Before we moved to Europe, it seemed as if all of our friends either stopped traveling once they had kids or they only went on Disney vacations (or to visit the grandparents). And while there’s nothing wrong with an occasional Disney trip (the first place I want to travel to after we move back to Seattle is Aulani) I couldn’t imagine that being the only kind of vacation we ever took.

This mentality hasn’t been quite as prevalant among the parents we’ve met since we moved to Europe. Since many of them are also expats, travel is obviously in their blood and their kids will naturally be traveling a little more than most for those regular trips “home.” And in general, Europeans tend to embrace vacations much more than their American counterparts, such that it is normal to take your kids on at least one big trip a year that probably involves getting on a plane.

I’d like to think that we’re proof that you can go on “adult” trips even when you have a child (or two, or three). That said, while it is definitely possible, it won’t always be easy. But there are some things that you can do to make it better.
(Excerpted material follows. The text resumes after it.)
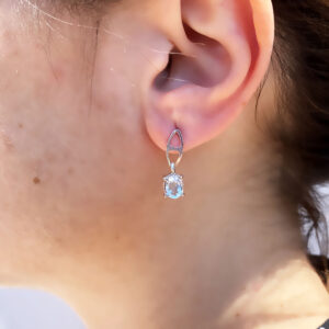 Orecchini pendenti in argento 925, con bagno galvanico di rodio in oro bianco, con pietre di topazio azzurro idrotermali 5×7 mm.

  1. Be realistic about how much you can do. Even before I had a kid I was often shocked by how much certain guidebooks pack into their recommended itineraries. In many cities, the only way to do everything they recommend is to start early in the morning and end late at night.  And even then, there often wouldn’t be time for a leisurely wander through a museum or writing in your travel journal over a cup of coffee. But once I had a child, their recommendations became truly laughable. Although we usually get a fairly early start (when we don’t, it’s usually because of breakfast), evening activities are out of the question because of L’s 7:30 bedtime. Add in naps if your LO isn’t down with stroller naps and meals (I still can’t believe how many times a day toddlers eat) and your days are about half as long as those guidebook authors think. So when I’m planning and trying to figure out how much time we need to complete (most of) that recommended itinerary I usually figure we’ll need 1.5 times the recommendation. In other words, if the recommendation is for two days, I try to give us at least three full days in the city.
  2. Have each adult pick ~2 things that they most want to do during your trip and build your itinerary around that. Unfortunately, you won’t always be able to add extra days on to your trip. Or perhaps LO is just going especially slow one weekend and it’s taking you longer to get to all the places you want to see. Either way, the likelihood that you are going to get to see everything is pretty slim. For this reason, I like to decide on the top two things that I want to see or do in our destination and I ask my husband to do the same. If we have time to do more than that, great. But if we don’t, at least we can say that we experienced what was most important to us in the destination.
  3. Incorporate movement into every day. Full days of sightseeing can be hard on little kids, especially if they want to walk but are stuck in a stroller (or carrier) most of the time. So make sure to give them an opportunity to get out their wiggles. How you do this will depend on where you are, what and how much you HAVE to see, and your own energy level, and it can take many different forms. We’ve done it all. Trips to the aquarium so that L can run around and laugh at the animals—check. Playing for a couple hours with local kids at a playground near our hotel—check. Taking an extra half an hour at a square that we might otherwise have just quickly walked through—check. How you fit movement into your day is up to you but you’ll definitely want to do it. Not only will your little traveler be happier, his tummy will too.
  4. Invest in a good travel stroller that your little one can nap in. Even more than meals, naps will really cut into your sightseeing time—especially if you have to go back to your hotel each afternoon in order to get one in. And while some kids are great at napping on the go, L generally wasn’t one of them. Until, that is, we bought the Mountain Buggy Nano. This thing is amazing. Not only does it lean almost flat for purposes of naps, it actually handled the Prague cobblestones better than our main stroller. As a bonus, it fits into the overhead compartment on the airplane, so unless you are traveling through OSL, you don’t even have to worry about it getting damaged by the luggage handlers.
  5. Find alternatives to museums and guided tours of buildings. This is a hard one for me. Before L was born I loved to wander through art museums and I still really (want to) enjoy guided tours of important buildings. But every time we take L to one, I end up regretting it as I’m overcome with anxiety as he runs around screaming and I imagine how everyone else is judging me. I definitely don’t avoid these kinds of activities completely, but if a tour of a beautiful gilded building isn’t on our top 2 lists, I try my hardest to stay away. And if I do decide to go to an art museum,  I try to see the piece(s) that I’m most interested in at the beginning—so that if L starts to have a breakdown, we can leave without me feeling like I’ve missed out on something vital.

At this point L’s been on almost two dozen trips ranging from resort vacations to Champagne tasting with lots of European city breaks in between. So while we certainly aren’t one of those super-adventurous families going on multi-day hiking trips with our toddler, I think we’ve shown that with just a little extra planning (and perhaps tweaking your old travel habits) you can still travel like an adult, even after you have a baby.

What are your best tips for traveling with kids?